WHAT THE EXERCISE ASKS:
Exactly as written, reproduce the lines from the beginning of the data through the line containing "City Treasures è"; the pictures are not reproduced.

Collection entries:
= Beginning of Section =
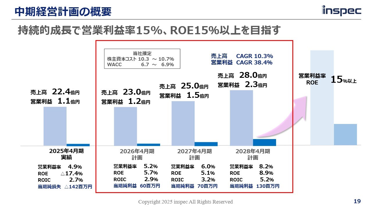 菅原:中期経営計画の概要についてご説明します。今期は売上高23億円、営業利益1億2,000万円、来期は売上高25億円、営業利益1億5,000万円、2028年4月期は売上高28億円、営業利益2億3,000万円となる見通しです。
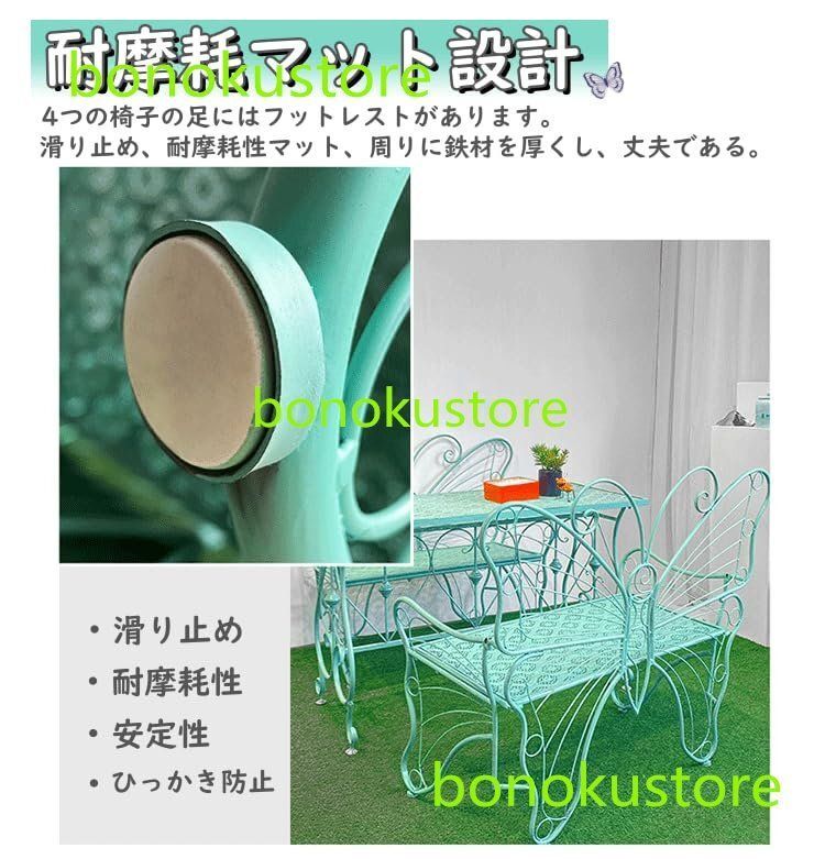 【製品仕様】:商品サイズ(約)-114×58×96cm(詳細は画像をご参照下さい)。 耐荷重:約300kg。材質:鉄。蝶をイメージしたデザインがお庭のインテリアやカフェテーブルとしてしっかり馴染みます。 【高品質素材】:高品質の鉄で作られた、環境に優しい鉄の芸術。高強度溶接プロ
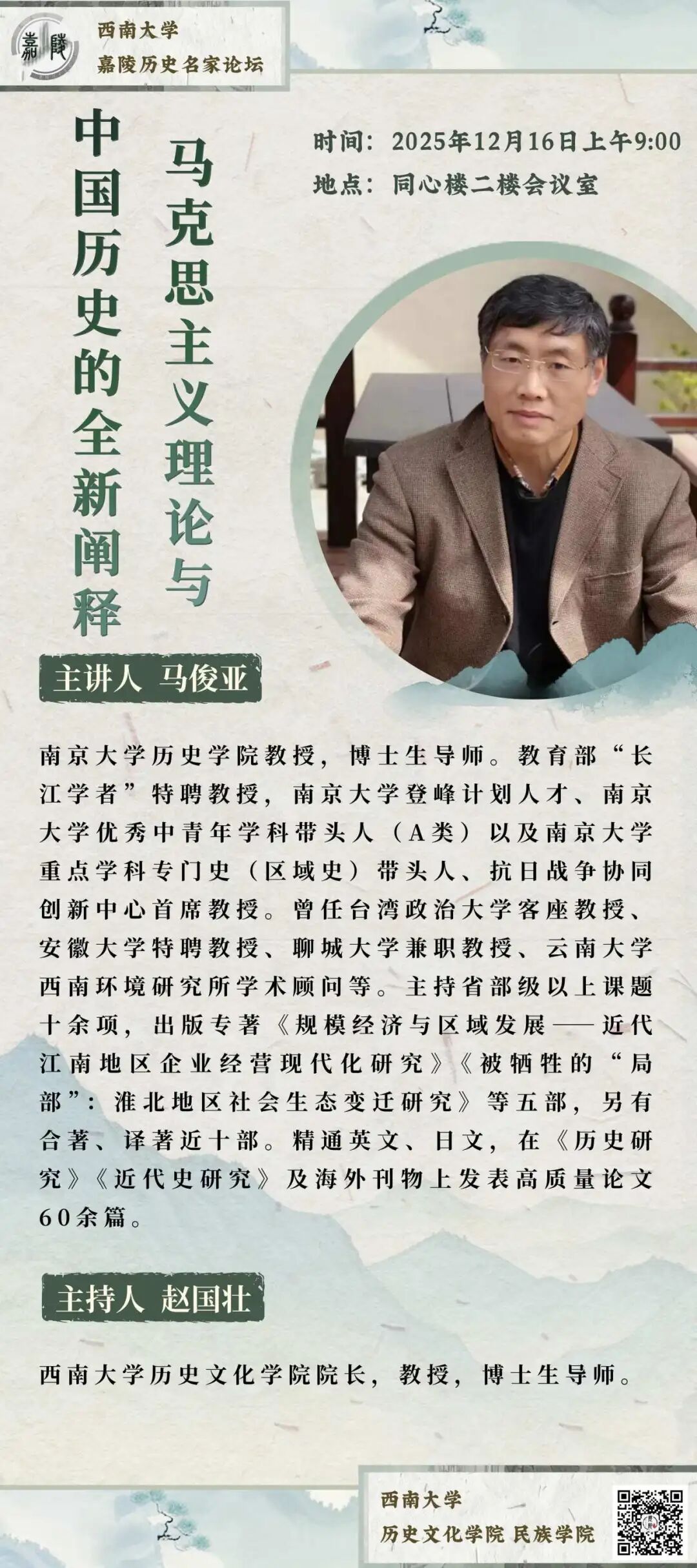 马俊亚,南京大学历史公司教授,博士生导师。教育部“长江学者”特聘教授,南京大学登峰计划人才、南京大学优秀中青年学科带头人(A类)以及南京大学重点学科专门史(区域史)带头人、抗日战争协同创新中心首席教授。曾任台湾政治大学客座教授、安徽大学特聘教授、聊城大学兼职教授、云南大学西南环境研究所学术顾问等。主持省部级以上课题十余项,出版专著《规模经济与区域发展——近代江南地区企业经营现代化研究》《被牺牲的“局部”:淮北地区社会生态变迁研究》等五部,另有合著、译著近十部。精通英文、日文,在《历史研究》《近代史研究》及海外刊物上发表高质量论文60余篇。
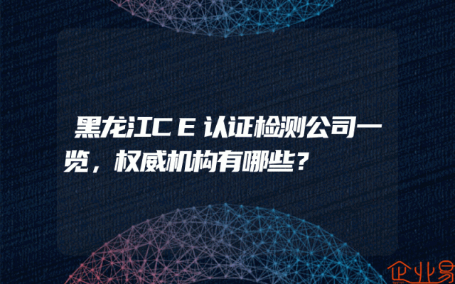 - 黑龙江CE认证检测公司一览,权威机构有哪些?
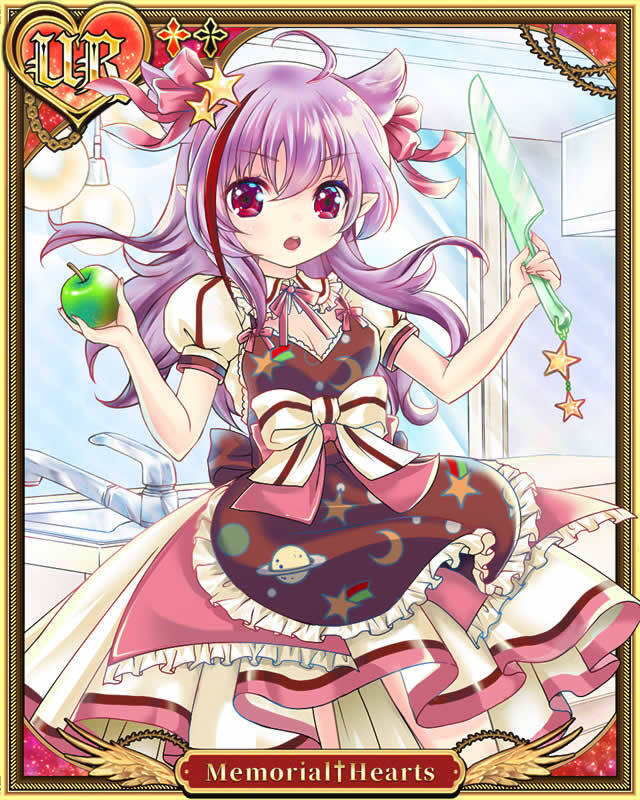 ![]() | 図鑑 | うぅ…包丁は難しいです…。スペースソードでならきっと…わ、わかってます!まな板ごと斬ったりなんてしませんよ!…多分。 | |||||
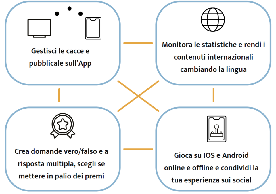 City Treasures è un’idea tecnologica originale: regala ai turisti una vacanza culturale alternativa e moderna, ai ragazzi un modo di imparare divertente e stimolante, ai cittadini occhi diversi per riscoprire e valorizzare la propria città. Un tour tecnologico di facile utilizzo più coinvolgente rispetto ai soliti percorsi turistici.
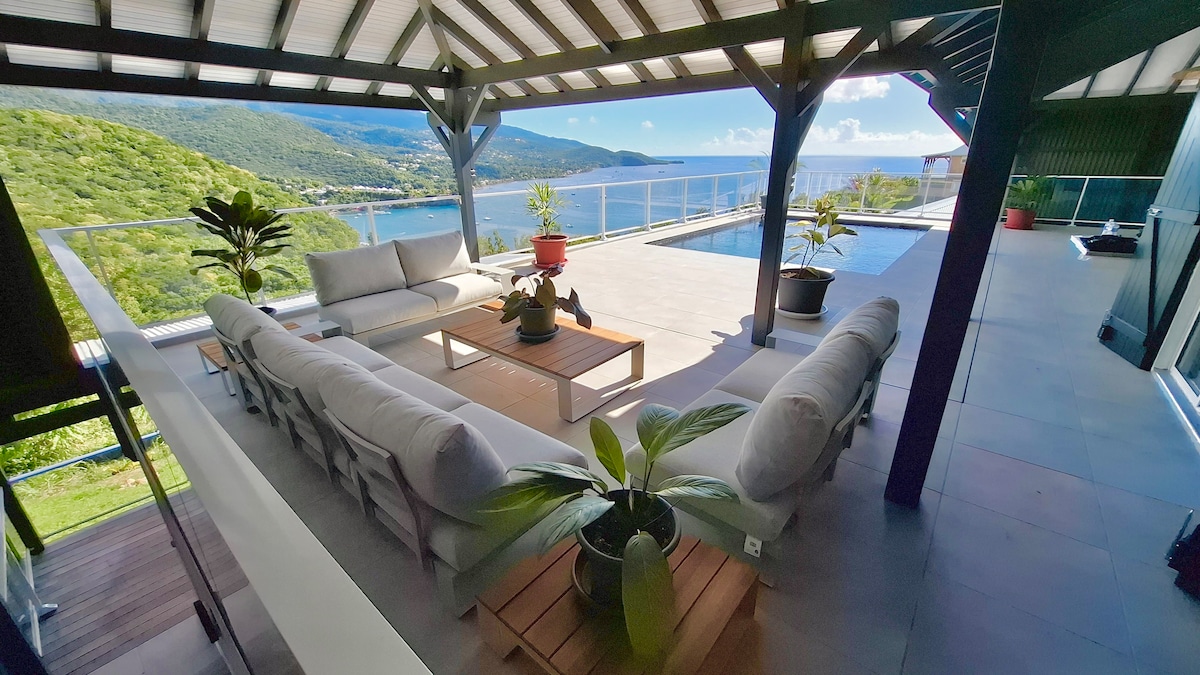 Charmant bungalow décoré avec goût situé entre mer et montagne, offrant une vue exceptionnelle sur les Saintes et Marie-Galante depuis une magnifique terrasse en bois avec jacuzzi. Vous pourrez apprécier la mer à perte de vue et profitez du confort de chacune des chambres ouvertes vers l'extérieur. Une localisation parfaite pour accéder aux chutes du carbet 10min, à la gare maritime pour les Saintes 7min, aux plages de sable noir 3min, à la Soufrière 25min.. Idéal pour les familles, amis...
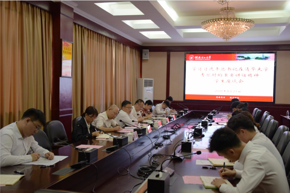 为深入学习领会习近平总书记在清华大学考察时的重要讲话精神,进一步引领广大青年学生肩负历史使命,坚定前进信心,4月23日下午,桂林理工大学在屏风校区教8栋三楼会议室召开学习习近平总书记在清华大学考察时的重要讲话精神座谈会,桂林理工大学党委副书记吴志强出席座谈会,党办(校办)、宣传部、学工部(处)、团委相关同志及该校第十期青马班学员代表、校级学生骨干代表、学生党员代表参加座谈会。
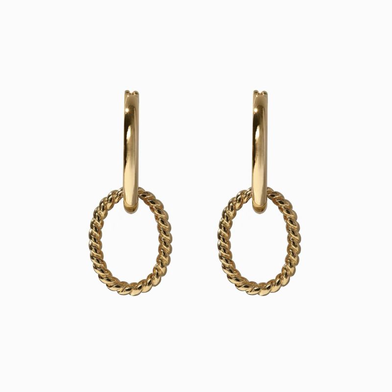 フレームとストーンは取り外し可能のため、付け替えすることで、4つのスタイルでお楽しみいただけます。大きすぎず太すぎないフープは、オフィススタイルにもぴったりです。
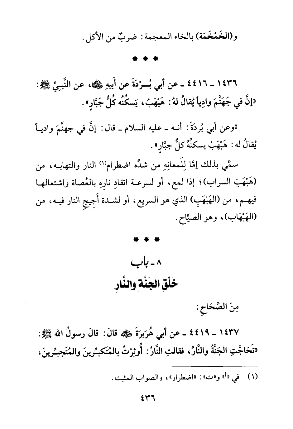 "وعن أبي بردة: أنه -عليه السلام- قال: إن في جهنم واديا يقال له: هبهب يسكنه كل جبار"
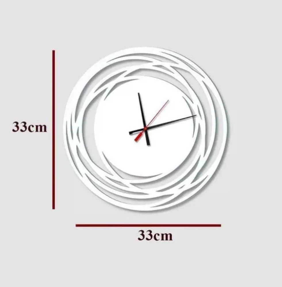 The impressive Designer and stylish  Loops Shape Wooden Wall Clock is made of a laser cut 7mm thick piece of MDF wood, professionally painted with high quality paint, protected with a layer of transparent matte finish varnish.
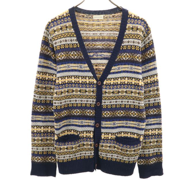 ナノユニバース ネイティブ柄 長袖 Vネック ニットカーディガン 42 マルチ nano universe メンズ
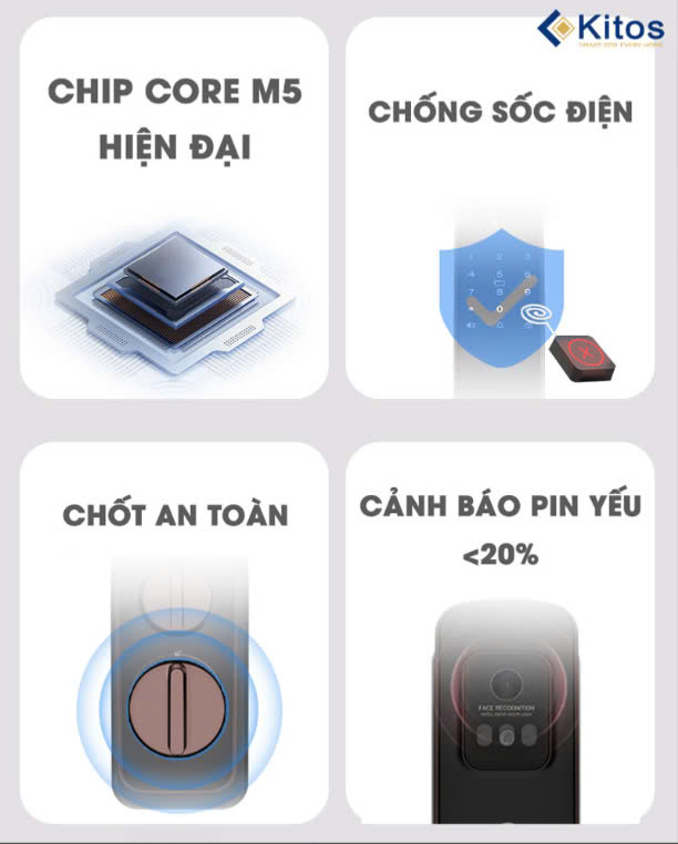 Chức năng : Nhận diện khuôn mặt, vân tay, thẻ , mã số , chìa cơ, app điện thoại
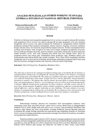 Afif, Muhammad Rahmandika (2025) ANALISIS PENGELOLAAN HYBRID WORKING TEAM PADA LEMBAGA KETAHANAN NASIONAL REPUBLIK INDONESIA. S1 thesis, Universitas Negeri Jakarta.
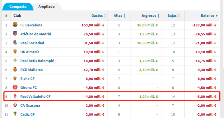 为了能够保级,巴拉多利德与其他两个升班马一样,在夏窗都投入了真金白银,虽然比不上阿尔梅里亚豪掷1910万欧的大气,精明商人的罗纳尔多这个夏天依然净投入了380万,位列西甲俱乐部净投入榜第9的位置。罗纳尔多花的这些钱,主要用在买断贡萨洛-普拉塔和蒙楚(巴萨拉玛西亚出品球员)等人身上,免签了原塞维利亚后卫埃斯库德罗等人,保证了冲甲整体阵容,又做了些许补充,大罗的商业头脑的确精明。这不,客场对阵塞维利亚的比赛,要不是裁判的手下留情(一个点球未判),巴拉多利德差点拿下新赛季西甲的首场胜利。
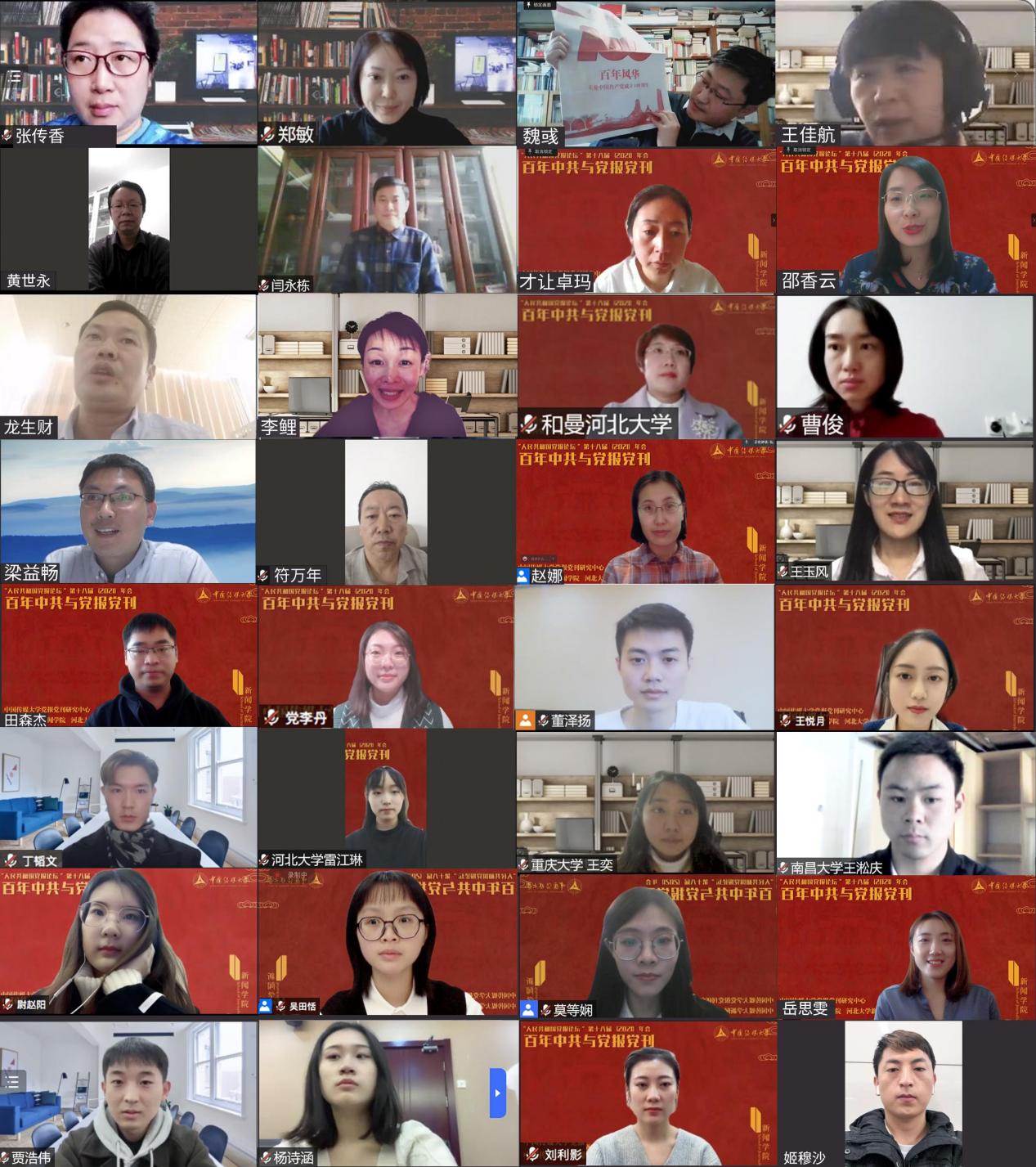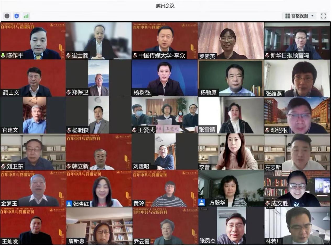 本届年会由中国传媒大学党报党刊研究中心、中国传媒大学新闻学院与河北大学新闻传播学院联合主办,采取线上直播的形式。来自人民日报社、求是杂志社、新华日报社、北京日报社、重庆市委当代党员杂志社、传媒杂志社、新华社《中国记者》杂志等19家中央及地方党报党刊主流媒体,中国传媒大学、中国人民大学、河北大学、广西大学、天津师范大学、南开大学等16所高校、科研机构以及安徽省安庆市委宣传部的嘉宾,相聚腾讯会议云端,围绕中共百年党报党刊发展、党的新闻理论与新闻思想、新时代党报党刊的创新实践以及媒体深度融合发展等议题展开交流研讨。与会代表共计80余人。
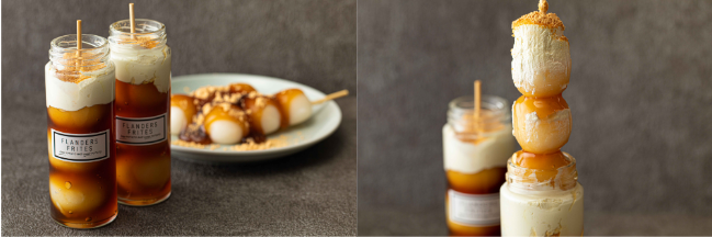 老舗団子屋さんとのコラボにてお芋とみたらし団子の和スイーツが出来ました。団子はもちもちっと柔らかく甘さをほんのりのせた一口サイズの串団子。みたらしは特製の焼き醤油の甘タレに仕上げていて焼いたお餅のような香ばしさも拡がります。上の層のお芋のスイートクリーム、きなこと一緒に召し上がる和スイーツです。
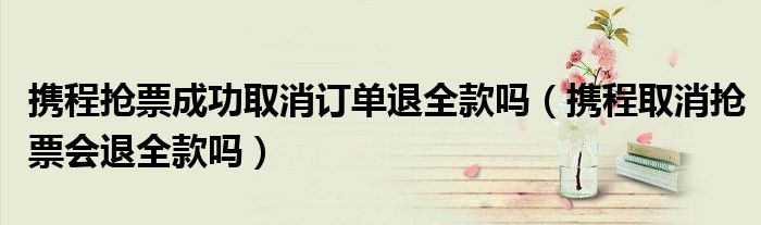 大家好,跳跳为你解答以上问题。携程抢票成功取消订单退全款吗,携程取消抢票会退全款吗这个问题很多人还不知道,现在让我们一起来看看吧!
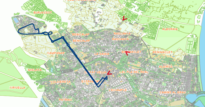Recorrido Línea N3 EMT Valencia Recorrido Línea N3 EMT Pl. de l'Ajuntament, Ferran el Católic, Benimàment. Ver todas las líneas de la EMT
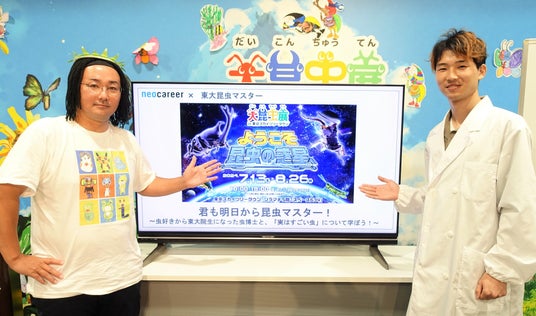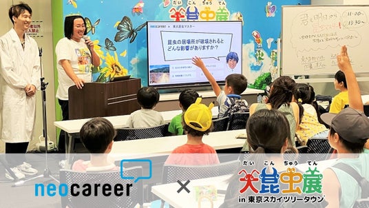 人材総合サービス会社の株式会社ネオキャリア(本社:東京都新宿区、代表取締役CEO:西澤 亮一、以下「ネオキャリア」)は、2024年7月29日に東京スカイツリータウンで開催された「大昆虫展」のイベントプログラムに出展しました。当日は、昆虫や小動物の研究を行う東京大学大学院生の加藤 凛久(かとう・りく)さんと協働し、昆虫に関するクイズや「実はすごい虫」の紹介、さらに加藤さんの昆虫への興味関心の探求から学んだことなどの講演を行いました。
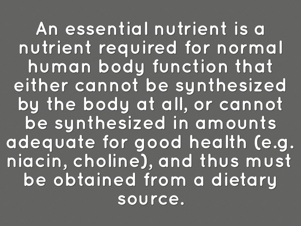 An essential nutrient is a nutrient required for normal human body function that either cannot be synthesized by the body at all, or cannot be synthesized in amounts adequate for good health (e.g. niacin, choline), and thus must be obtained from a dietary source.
= End of Section =
REPLY TO THE TASK:
 菅原:中期経営計画の概要についてご説明します。今期は売上高23億円、営業利益1億2,000万円、来期は売上高25億円、営業利益1億5,000万円、2028年4月期は売上高28億円、営業利益2億3,000万円となる見通しです。
 【製品仕様】:商品サイズ(約)-114×58×96cm(詳細は画像をご参照下さい)。 耐荷重:約300kg。材質:鉄。蝶をイメージしたデザインがお庭のインテリアやカフェテーブルとしてしっかり馴染みます。 【高品質素材】:高品質の鉄で作られた、環境に優しい鉄の芸術。高強度溶接プロ
 马俊亚,南京大学历史公司教授,博士生导师。教育部“长江学者”特聘教授,南京大学登峰计划人才、南京大学优秀中青年学科带头人(A类)以及南京大学重点学科专门史(区域史)带头人、抗日战争协同创新中心首席教授。曾任台湾政治大学客座教授、安徽大学特聘教授、聊城大学兼职教授、云南大学西南环境研究所学术顾问等。主持省部级以上课题十余项,出版专著《规模经济与区域发展——近代江南地区企业经营现代化研究》《被牺牲的“局部”:淮北地区社会生态变迁研究》等五部,另有合著、译著近十部。精通英文、日文,在《历史研究》《近代史研究》及海外刊物上发表高质量论文60余篇。
 - 黑龙江CE认证检测公司一览,权威机构有哪些?
 ![]() | 図鑑 | うぅ…包丁は難しいです…。スペースソードでならきっと…わ、わかってます!まな板ごと斬ったりなんてしませんよ!…多分。 | |||||
 City Treasures è un’idea tecnologica originale: regala ai turisti una vacanza culturale alternativa e moderna, ai ragazzi un modo di imparare divertente e stimolante, ai cittadini occhi diversi per riscoprire e valorizzare la propria città. Un tour tecnologico di facile utilizzo più coinvolgente rispetto ai soliti percorsi turistici.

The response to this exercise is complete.